• WHAT NEEDS TO BE DONE:
Exactly the lines from the one containing "Такая зона, как" through the one containing "岡山大学学術研究院医歯薬学域 小児心身医療科 |" in the listing below are to be copied, with the pictures left out.

** SOURCE MATERIAL follows **

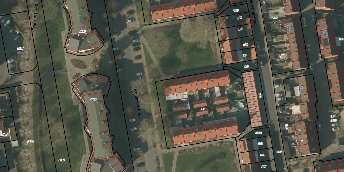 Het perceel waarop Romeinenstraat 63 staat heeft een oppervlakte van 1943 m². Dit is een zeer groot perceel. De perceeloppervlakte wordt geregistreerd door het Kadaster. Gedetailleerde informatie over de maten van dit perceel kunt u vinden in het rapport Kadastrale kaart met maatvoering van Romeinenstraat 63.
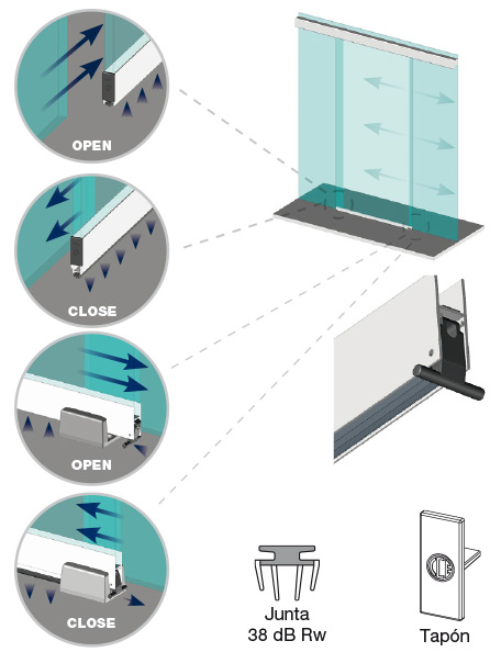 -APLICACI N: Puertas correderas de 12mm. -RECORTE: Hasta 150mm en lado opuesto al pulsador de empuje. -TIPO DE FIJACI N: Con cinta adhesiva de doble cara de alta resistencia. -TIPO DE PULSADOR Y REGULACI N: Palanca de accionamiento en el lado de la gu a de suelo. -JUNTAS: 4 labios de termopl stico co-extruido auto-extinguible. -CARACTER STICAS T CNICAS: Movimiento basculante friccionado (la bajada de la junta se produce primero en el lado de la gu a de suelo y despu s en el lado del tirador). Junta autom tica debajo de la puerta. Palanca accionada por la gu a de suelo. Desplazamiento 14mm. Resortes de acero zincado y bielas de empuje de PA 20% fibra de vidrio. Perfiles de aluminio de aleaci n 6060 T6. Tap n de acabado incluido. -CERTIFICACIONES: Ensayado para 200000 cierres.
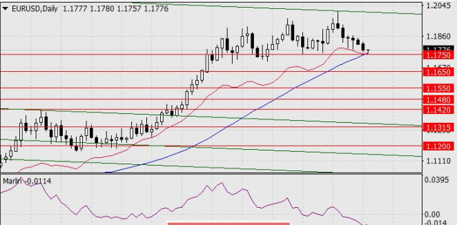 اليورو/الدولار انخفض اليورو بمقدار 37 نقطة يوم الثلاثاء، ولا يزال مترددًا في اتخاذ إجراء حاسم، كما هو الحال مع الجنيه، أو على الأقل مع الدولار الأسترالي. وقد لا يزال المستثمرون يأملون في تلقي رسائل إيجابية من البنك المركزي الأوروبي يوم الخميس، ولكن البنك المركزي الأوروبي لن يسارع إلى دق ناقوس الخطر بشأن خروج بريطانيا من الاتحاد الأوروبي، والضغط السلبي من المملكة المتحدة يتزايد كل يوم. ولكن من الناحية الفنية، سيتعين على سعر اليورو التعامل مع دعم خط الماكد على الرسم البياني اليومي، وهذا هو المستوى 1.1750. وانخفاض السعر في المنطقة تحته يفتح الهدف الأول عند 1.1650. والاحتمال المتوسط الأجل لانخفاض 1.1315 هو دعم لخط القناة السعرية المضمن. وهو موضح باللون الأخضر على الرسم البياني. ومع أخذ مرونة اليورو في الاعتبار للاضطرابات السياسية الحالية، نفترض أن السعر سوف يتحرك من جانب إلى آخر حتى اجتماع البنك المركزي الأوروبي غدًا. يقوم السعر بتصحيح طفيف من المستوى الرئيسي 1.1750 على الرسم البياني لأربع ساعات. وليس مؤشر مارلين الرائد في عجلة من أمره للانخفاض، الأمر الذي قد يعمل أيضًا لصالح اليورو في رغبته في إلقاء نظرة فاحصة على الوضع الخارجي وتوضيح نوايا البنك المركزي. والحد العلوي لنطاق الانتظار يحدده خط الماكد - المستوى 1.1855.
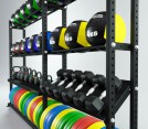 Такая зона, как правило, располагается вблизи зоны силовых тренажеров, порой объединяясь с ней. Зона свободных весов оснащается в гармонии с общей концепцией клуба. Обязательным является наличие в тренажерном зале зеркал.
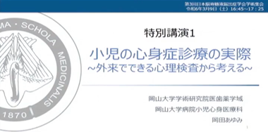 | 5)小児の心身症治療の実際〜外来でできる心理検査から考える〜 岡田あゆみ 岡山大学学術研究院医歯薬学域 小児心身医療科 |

** End of SOURCE MATERIAL **
** SOURCE MATERIAL follows **

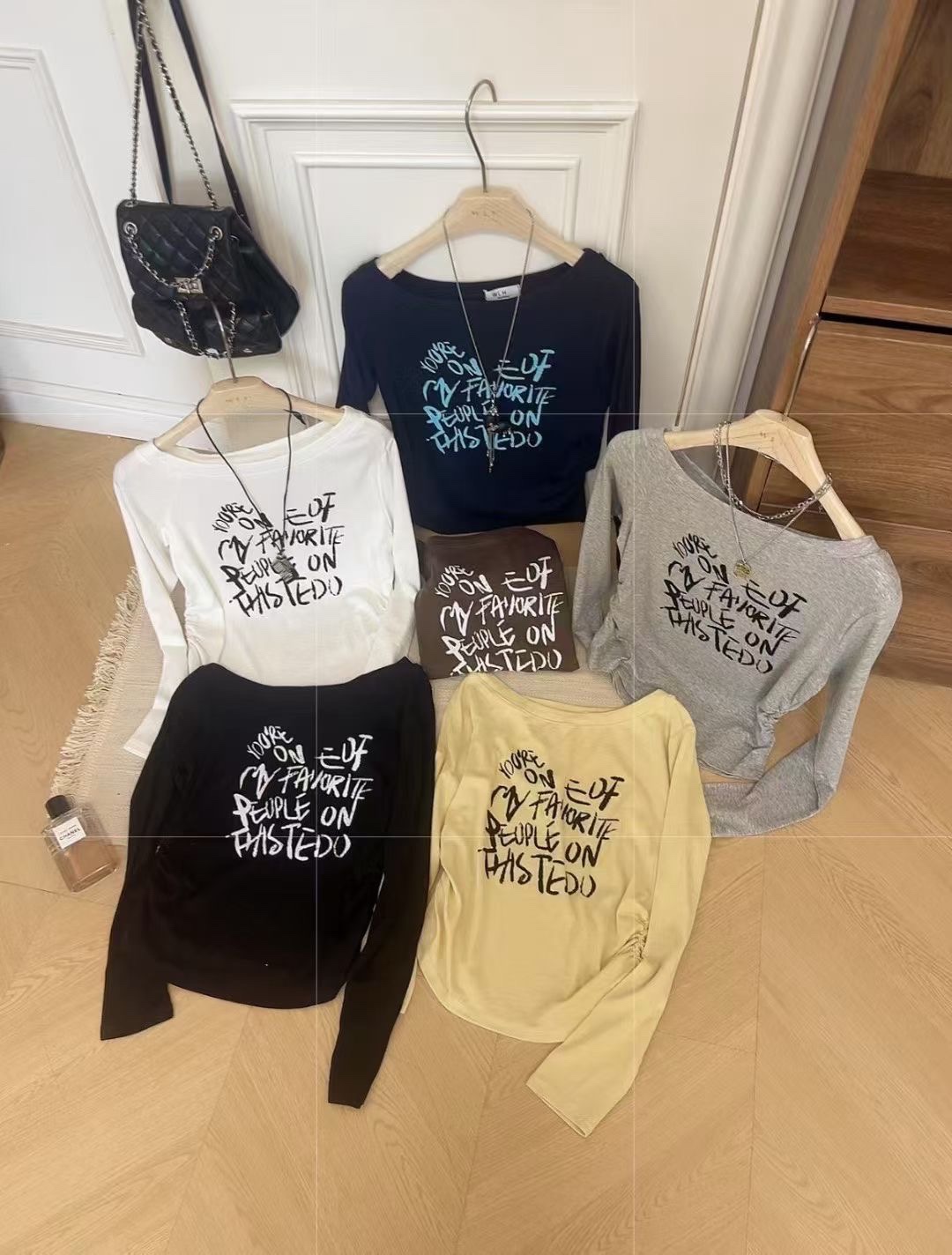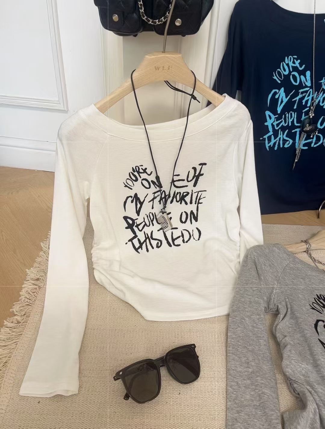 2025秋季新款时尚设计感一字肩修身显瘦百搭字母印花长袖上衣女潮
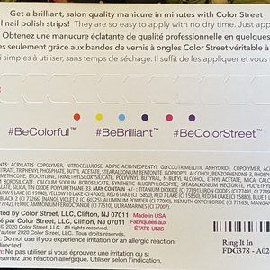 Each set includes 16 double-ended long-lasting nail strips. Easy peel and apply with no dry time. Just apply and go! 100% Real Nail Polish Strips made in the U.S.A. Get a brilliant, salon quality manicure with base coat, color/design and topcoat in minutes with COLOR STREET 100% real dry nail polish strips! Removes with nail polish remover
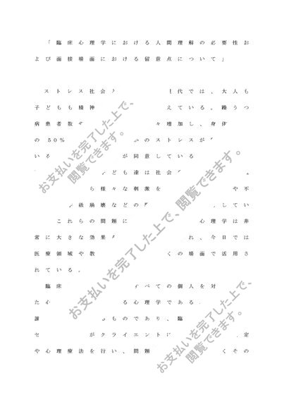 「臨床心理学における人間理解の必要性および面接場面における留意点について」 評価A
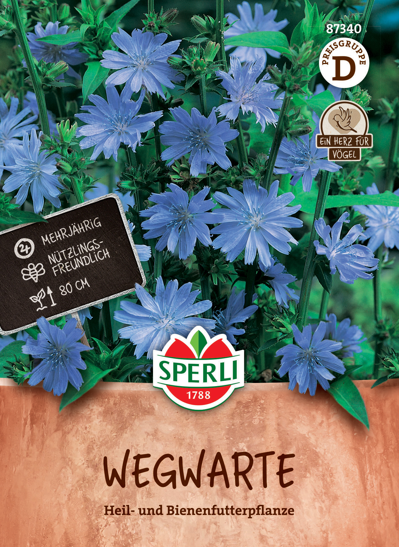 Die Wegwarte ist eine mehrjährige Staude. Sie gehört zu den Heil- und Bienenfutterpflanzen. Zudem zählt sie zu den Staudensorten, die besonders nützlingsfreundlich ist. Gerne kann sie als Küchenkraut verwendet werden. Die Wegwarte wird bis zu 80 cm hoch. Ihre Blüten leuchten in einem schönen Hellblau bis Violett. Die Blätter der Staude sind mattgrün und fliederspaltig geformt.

** End of SOURCE MATERIAL **
** SOURCE MATERIAL follows **

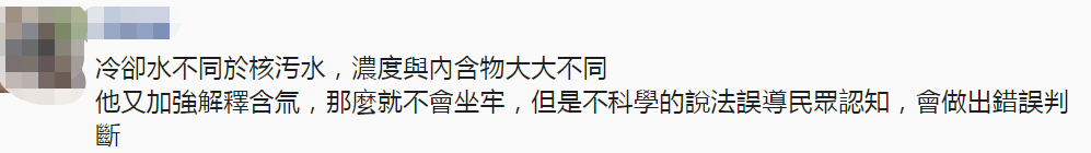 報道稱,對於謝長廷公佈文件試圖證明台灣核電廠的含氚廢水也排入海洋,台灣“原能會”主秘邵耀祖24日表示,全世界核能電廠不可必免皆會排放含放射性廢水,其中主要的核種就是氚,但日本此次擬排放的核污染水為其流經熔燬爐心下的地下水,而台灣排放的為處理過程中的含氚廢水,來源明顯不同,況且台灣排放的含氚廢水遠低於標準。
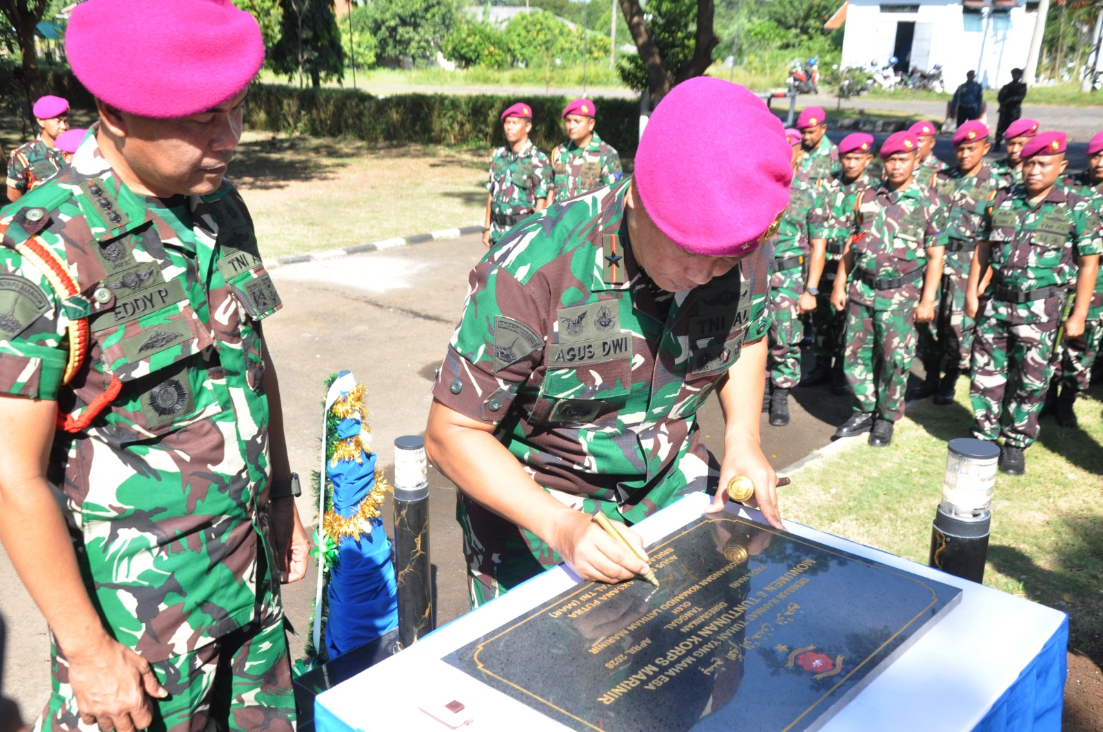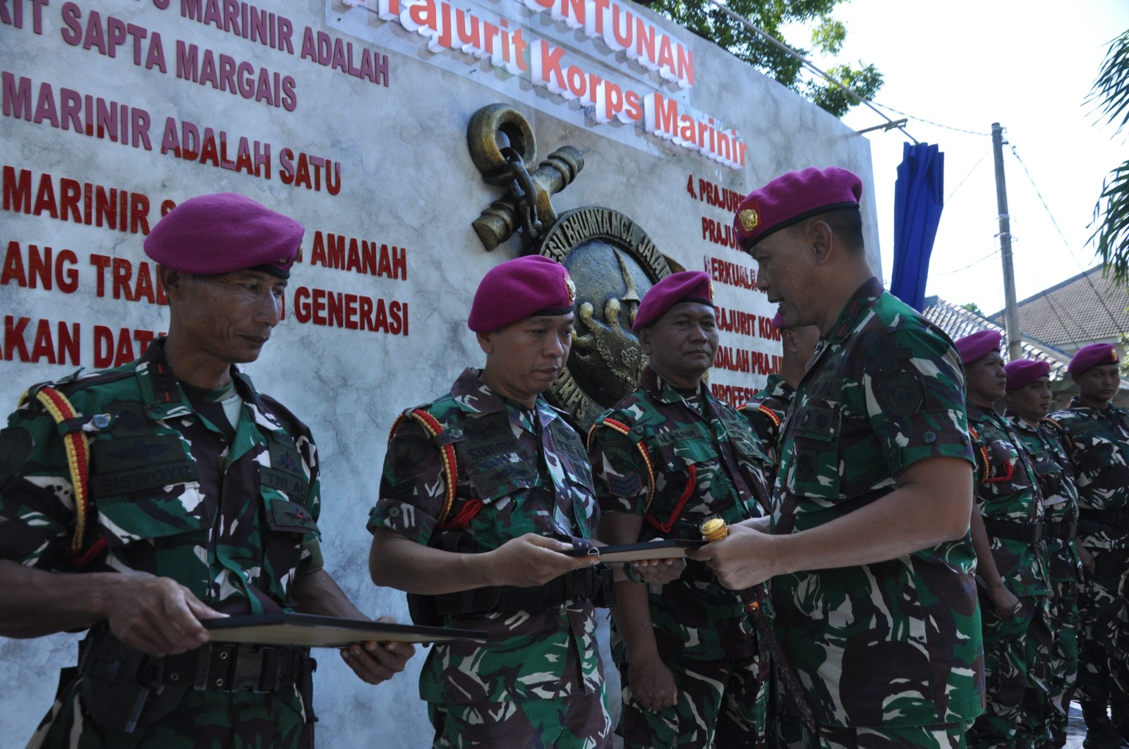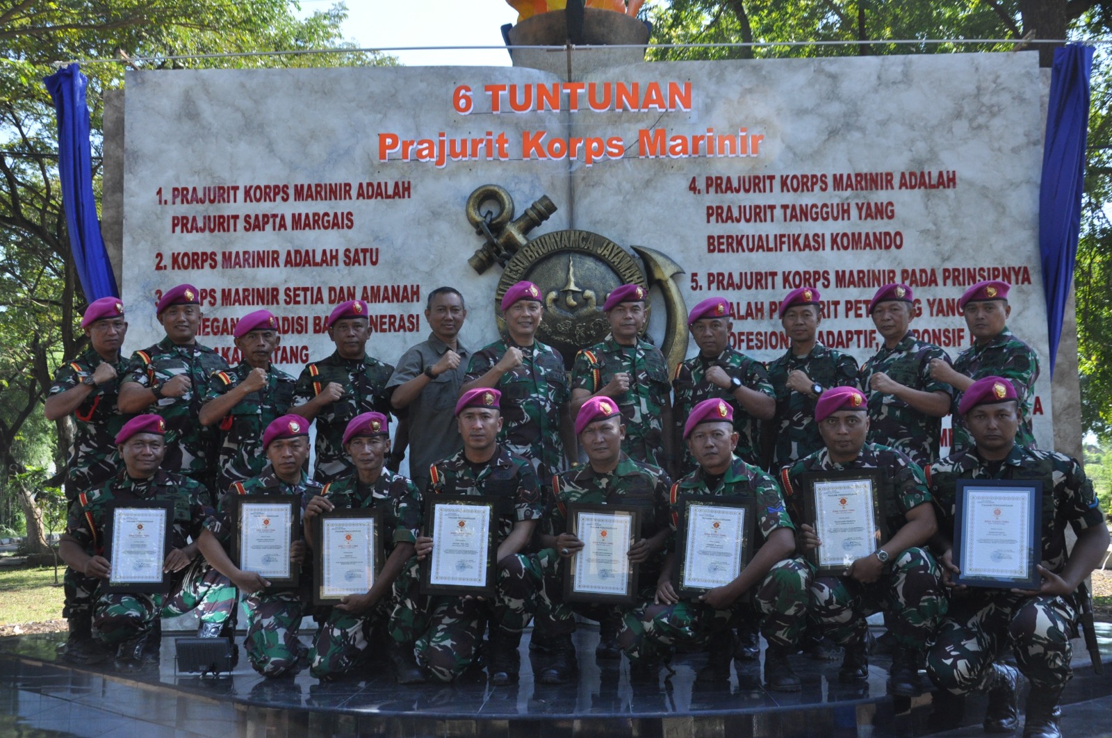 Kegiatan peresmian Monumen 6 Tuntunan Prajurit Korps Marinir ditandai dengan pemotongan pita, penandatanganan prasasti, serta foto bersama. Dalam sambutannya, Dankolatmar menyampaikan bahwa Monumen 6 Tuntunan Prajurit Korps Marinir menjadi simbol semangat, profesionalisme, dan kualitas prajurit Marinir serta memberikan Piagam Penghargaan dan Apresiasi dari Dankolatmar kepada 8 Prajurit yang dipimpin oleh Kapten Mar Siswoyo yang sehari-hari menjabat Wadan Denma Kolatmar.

** End of SOURCE MATERIAL **

• WRITTEN REPLY:
 Такая зона, как правило, располагается вблизи зоны силовых тренажеров, порой объединяясь с ней. Зона свободных весов оснащается в гармонии с общей концепцией клуба. Обязательным является наличие в тренажерном зале зеркал.
 | 5)小児の心身症治療の実際〜外来でできる心理検査から考える〜 岡田あゆみ 岡山大学学術研究院医歯薬学域 小児心身医療科 |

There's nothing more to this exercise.